Inspection of dimensional defects has

Inspection of dimensional defects has become a critical task for manufacturers who strive to improve product quality and production efficiency [16,18]. Research concerning automated visual inspection grows rapidly. Leopold et al. [17] introduced new approaches in fast 3D-surface quality control. They made a good classification of these approaches and their application fields. Most of researches integrated AI approaches with image processing tools. Lin [12] developed an approach that utilizes neural network and statistical approach to inspect light-emitting diode chips.
Fricout et al. [7] developed an on-line approach to inspect the smoothness of metal surfaces. The measurements were based on topographical maps obtained through interferometric microscopy. The resulting data were analyzed by an algorithm based on morphological and statistical features extraction from surface topography, factorial analysis, bootstrap over-sampling and Bayesian classification. Lin [13] presented a wavelet characteristic based approach for the automated visual inspection of ripple defects in the surface barrier layer chips of ceramic capacitors.

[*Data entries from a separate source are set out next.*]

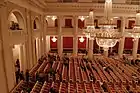 The Bolshoi Zal (Russian: Большой зал, meaning the Grand Hall) has a capacity of 1500 seats. It is one of the best known music halls in Russia. F.Liszt, H.Berlioz, R.Wagner, A.Dvořák, J.Sibelius, C.-A.Debussy, R.Strauss, S.Rachmaninoff, S.Prokofiev, D.Shostakovich, A.Scriabin, G.Mahler, A.Rubinstein, K.Schumann, P.Viardo, P.Sarasate, A.Schoenberg, I.Stravinsky, B.Bartok, P.Hindemith and others renowned musicians of the XIX-ХХ centuries performed here, and many works of such exponents of Russian classical tradition as A.Borodin, M.Mussorgsky, P.Tchaikovsky, N.Rimsky-Korsakov, A.Glazunov were premiered here. The hall's acoustics are excellent, but judged by some not to be the best in town.[2]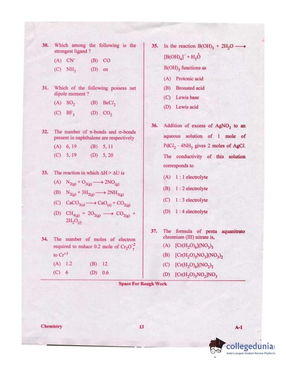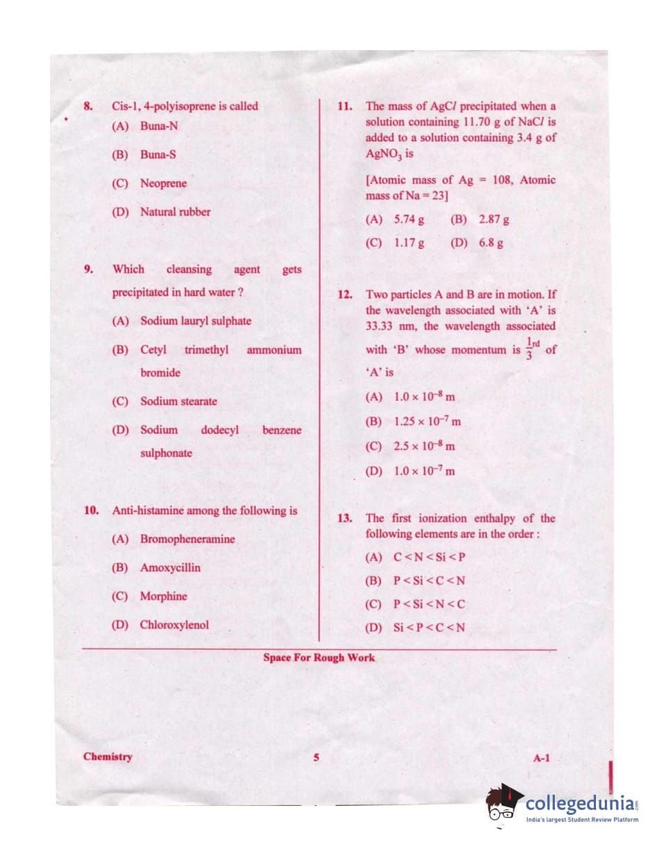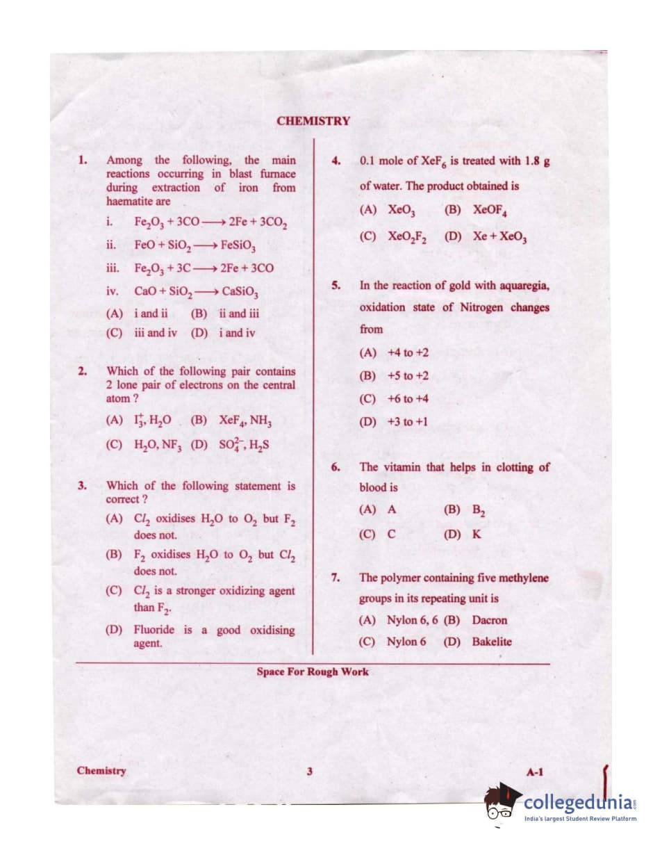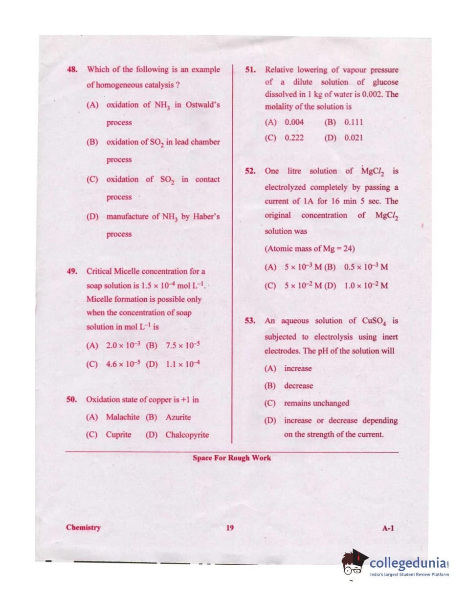 KCET 2019 Chemistry Question Paper with Answer Key PDF for Afternoon Session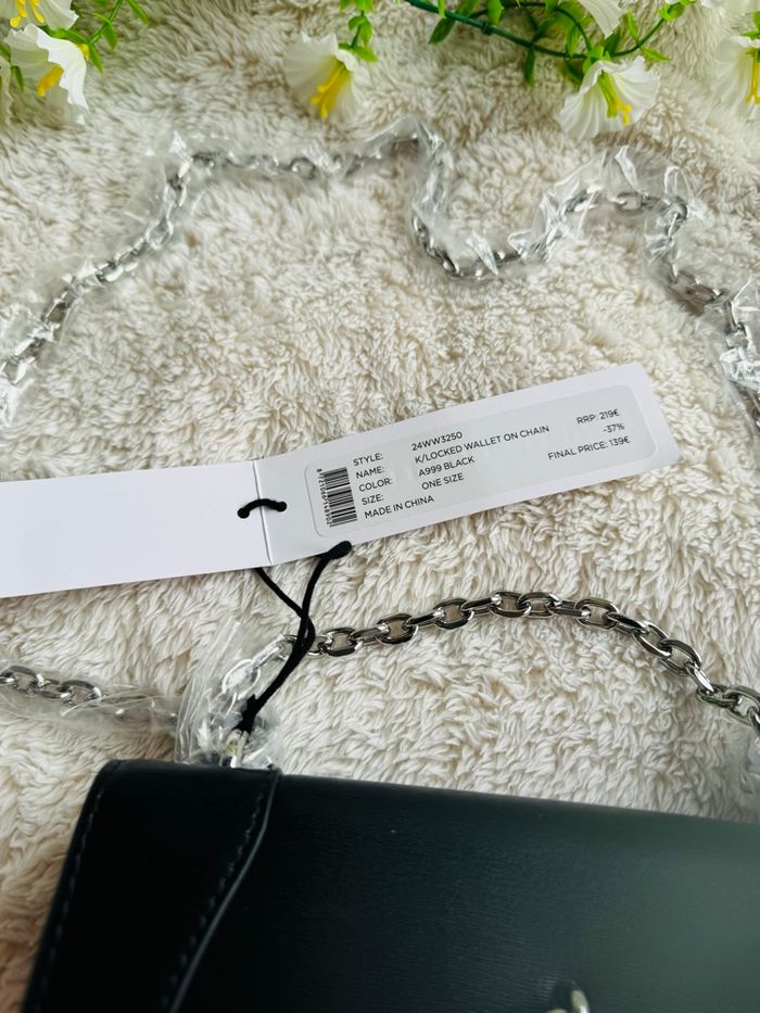 Sac Karl Lagerfeld neuf, jamais utilisé, avec étiquette d'origine. Prix de vente conseillé (RRP) : 219 € Prix final indiqué sur l'étiquette : 139 € Prix de vente: 119€ Détails du produit : • Modèle : K/LOCKED Wallet on Chain • Couleur : Noir Matière : cuir synthétique (similicuir / éco- cuir) • Fermeture magnétique • Chaîne métallique • Taille : Taille unique Sac élégant et pratique, parfait pour une utilisation quotidienne ou pour des sorties. 📦 Envoi rapide et soigné ❌Pas d'échange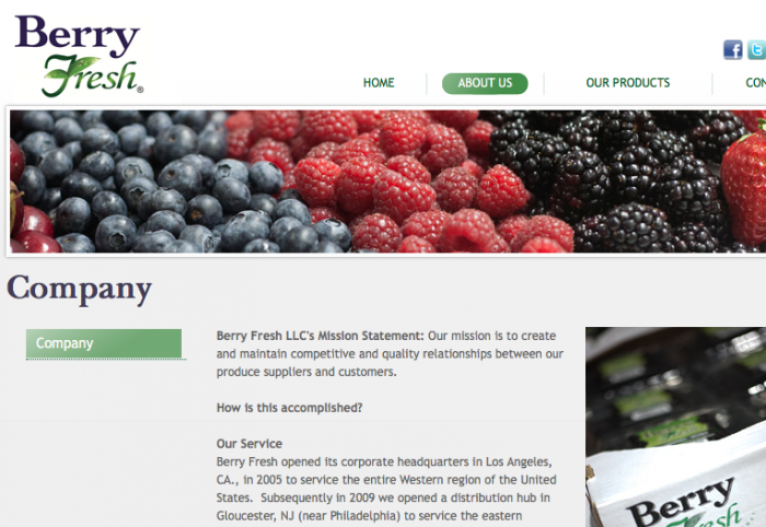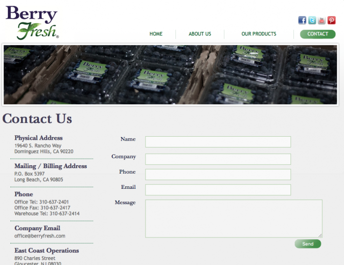 Sitio corporativo de la exportadora Berry Fresh. Sitio simple y de fácil navegación.

Among the useful applications of visual inspection is the colour unevenness testing like in LCD monitors which is not easy to be made by humans as a result of human subjectivity and eye fatigue. Chiu and Lin [4] developed a hybrid approach to test blemishes in LCD panels. Their approach is based on Hotelling statistics and image analysis. Other examples includes [1,3,27,29].

The developed approach
When an image is digitally transformed and acquired by a computer, it order GSK2126458 is represented by a two-dimensional matrix. The matrix elements values depend on the type of the image that can be classified as binary, colour, gray scale, etc. As by Gonzalez et al. [8], an image may be defined as a two dimensional function, f(x,y), where x and y are spatial coordinates, and the amplitude of f at any pair of coordinates (x,y) is called the intensity or gray level of the image.
The next step is to threshold the image and transform its matrix elements into binary values (0,1). Final coordinates of masks are specified based on the clusters of zeros and ones that determine the locations of quality characteristics in the image matrix. A final step is to calculate an index for each quality characteristic that reflects the extent of conformance of that quality characteristic to the target or nominal characteristic of the reference image (the corresponding characteristic with nominal dimensions). The index is calculated for each mask (m) using the following equation:where is a (0,1) variable; which is one when the mask’s i pixel is similar to the corresponding one of the reference image and zero otherwise, is the number of pixels of mask m, and M represents the number of masks, or number of quality characteristics.
The M indices are calculated simultaneously. Each pixel of a product’s image matrix is compared to its corresponding one of the reference image; and according to its location (the mask zebroid belongs to), the index value of that mask is updated. The value of an index is exactly equal one (theoretically) if the quality characteristic dimensions are the same as the reference one and has no shift in position. Deviation from that target downsizes the index value. Experimentally, one can determine an acceptable value lower limit for when the dimensions of the quality characteristic fall within the tolerance region. The approach can also be used to detect a shift in the quality characteristic position. If, for example, a hole’s centre is shifted from its correct position, the calculated index will go down even if the hole diameter is within tolerance.
Calculating the acceptable value for different characteristics, a product can be determined whether there is a problem(s) with one or more of its quality characteristics one by one.